Un conflit national à l’écran
84 m² puise directement dans un problème social important et persistant en Corée du Sud. La grande majorité de la population du pays réside dans des logements collectifs, les appartements représentant plus de 80 % de ces habitations. Cette vie à haute densité fait du bruit entre étages une source de conflit omniprésente et sérieuse. Le postulat du film est ancré dans une dure réalité ; au cours d’une période récente de 4,5 ans, il y a eu près de 220 000 plaintes civiles liées au bruit entre étages, et en une seule année, plus de 38 000 rapports de police ont été déposés. Le problème est si grave qu’il a dégénéré dans certains cas en incendies criminels et en meurtres, conférant une crédibilité sinistre à la tension élevée du film. La question est suffisamment importante pour avoir suscité une intervention au niveau national, notamment des réglementations gouvernementales sur les normes de bruit pour les nouvelles constructions et des règles sur l’épaisseur minimale des dalles de plancher, mais le film met en scène le fossé entre les politiques officielles et l’expérience vécue par les résidents.
Un reflet troublant de l’anxiété urbaine
En fin de compte, 84 m² est plus qu’un simple film de genre. C’est un récit à plusieurs niveaux qui utilise le cadre d’un thriller pour disséquer les pressions de la vie urbaine moderne. Il entremêle les thèmes de l’anxiété économique, du fardeau psychologique de la vie en haute densité, de l’illusion du rêve de la classe moyenne et de l’isolement profond qui peut exister même lorsque l’on est entouré de voisins. Le parcours de Woo-sung, de propriétaire plein d’espoir à un homme qui s’effondre psychologiquement, est un commentaire glaçant sur le prix de l’ambition.
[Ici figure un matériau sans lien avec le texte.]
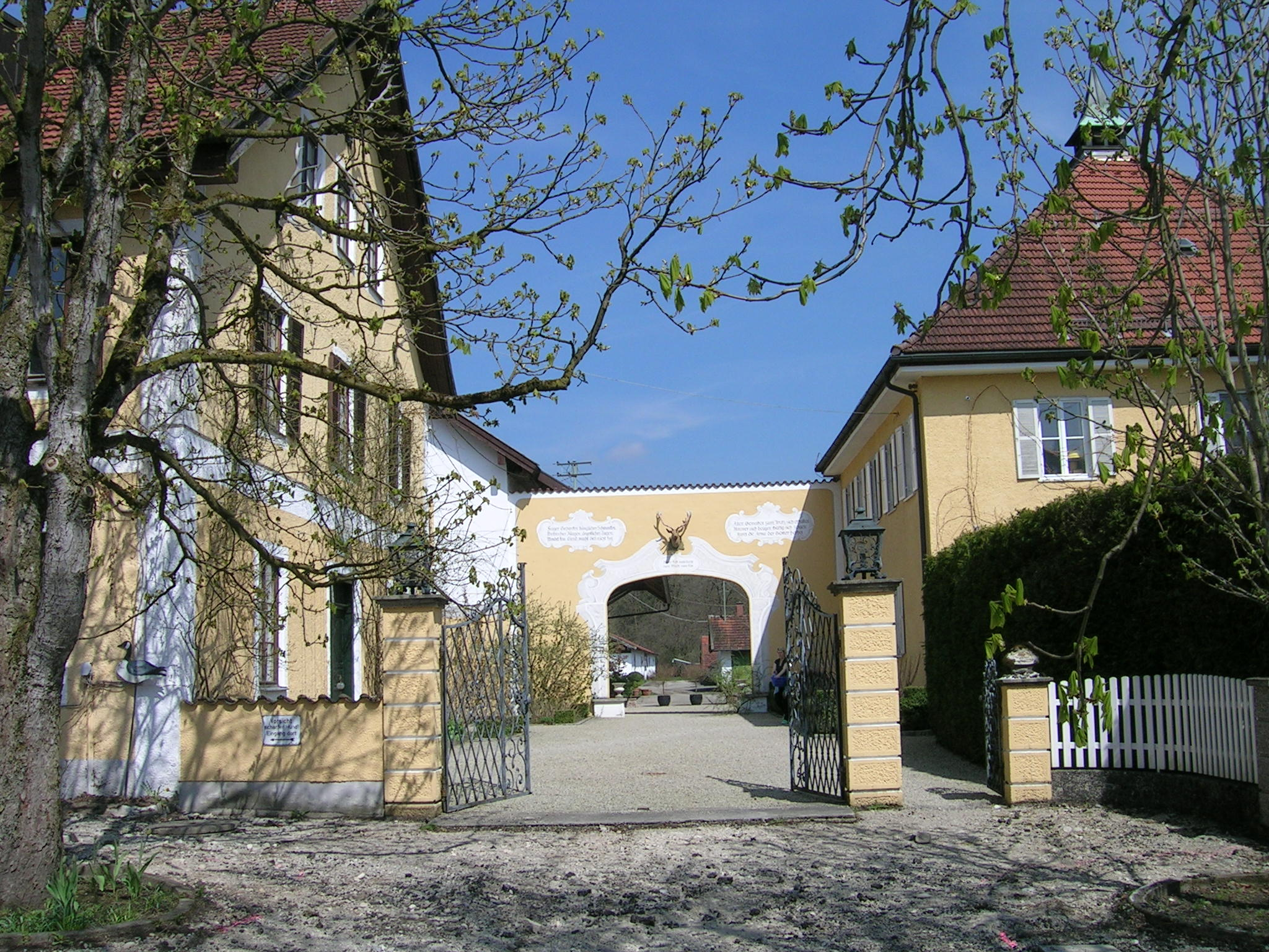 Castle Niederaltenburg (Feldkirchen-Westerham)

La fin du film, dans laquelle Woo-sung retourne à son appartement à Séoul, tenant son titre de propriété alors que la chanson « Seoul Eulogy » retentit, offre une résolution complexe et troublante. Elle suggère l’attraction inéluctable de la ville et du rêve qu’elle représente, même après que ce rêve se soit avéré être un cauchemar. 84 m² est un film puissant et d’actualité qui trouve la terreur non pas dans le surnaturel, mais dans les murs fins qui nous séparent et les pressions sociales qui menacent de les faire tomber.
Le film a une durée de 118 minutes et sa première a eu lieu sur Netflix le 18 juillet 2025.